Cantor volta em CD surpreendente

Meu Coração é um Pandeiro apresenta Cauby Peixoto em ótima forma, mais contido e com ginga digna dos melhores bambas

Rodrigo Faour
06/10/2000
Apesar de ter gravado alguns sambas no decorrer de seus quase 50 anos de carreira é a primeira vez que o cantor lança um álbum dedicado ao gênero. O resultado pode ser conferido a partir do dia 30 quando a Som Livre põe nas lojas o CD Meu Coração É um Pandeiro, que reúne 14 sambas clássicos na voz do cantor e nas de alguns convidados do ramo. Apesar de possuir uma cancha mais jazzística, Cauby saiu-se bem no desafio de lançar-se aos sambas de raiz – ainda que os arranjos de seu produtor João de Aquino quase sempre dêem um jeito de aproveitar esse outro lado do cantor, mesmo que discretamente. Quem está acostumado às fossas e ao romantismo exacerbado do intérprete de Conceição e Nono Mandamento vai se surpreender. Pois o clima do CD é bem pra cima e o cantor, apesar de mostrar seu estilo inconfundível, dispensa maiores impostações vocais ou exageros inadequados ao gênero do disco.

A melhor faixa é logo a de abertura, Eu Canto Samba (Paulinho da Viola) na qual Cauby deita e rola. Improvisa, brinca com a letra que diz "Há muito tempo que ouço dizer esse papo furado que o samba acabou". "Acabou é?" – indaga Cauby. E o coro responde: "Só se foi quando o dia clareou". Impagável. Paulinho participa, mas não nessa faixa, e sim na belíssima Onde a Dor Não Tem Razão, também de sua autoria, outro grande momento do CD. O renovador do partido alto, Martinho da Vila, desafia Cauby em Iaiá do Cais Dourado, em que se sai otimamente bem, tão à vontade quanto na faixa de abertura. Acreditar, com canja de Dona Ivone Lara, ganhou um arranjo com um pé na gafieira. Zeca Pagodinho também aparece no terreiro de Cauby com uma versão mais acelerada de Festa da Vinda, de Cartola e Nuno Veloso, com arranjo que beira a salsa em determinados momentos.

O disco traz outros convidados ilustres do mundo do samba em versões corretas (Chico Buarque em Quem Te Viu, Quem Te Vê, Nelson Sargento em Agoniza Mas Não Morre, Monarco & Velha Guarda da Portela no samba-enredo Ilu Ayê). Sozinho, Cauby também se defende bem em sambas de épocas e estilos distintos.
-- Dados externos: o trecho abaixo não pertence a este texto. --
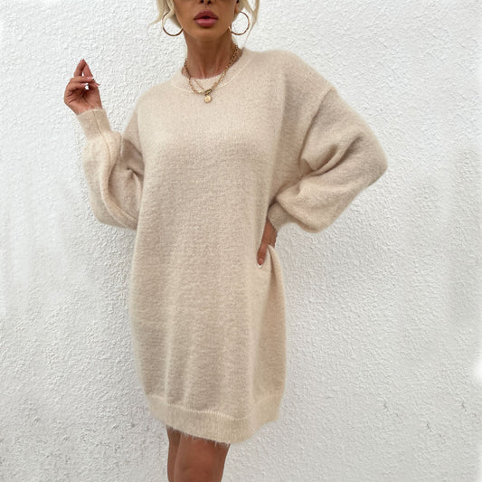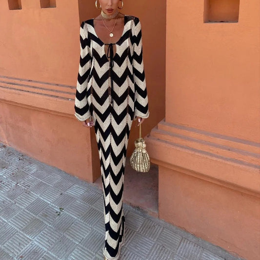 Women's knitted dress with adjustable belt and long sleeves WW

Da celebrativa Exaltação à Mangueira à única nostálgica do disco, Rio Antigo (do repertório de Alcione), passando pelo samba-jóia de Benito Di Paula, Retalhos de Cetim (em andamento mais suingado) e pela antiga Morena Boca de Ouro, de Ary Barroso. Essa última, de cuja letra foi retirado o título do CD, aparece em versão bem animada, meio sambão, meio jazzista, nos intervalos da melodia principal.

Se o samba-enredo Festa do Círio de Nazaré (Mangueira,1975) fecha o disco em versão discreta – o CD merecia uma faixa de mais impacto para o final – Cauby surpreende no dueto com Luiz Carlos da Vila na inacreditável (e difícil) Kizomba – A Festa da Raça. Esse samba-enredo, que deu o primeiro campeonato à Vila Isabel em 1988, aparece numa curiosa versão mais ralentada. Em suma, Cauby não vai virar sambista depois desse disco, mas é bonito ver um cantor veteraníssimo ainda buscando novos desafios, lançando um álbum digno e bem cuidado.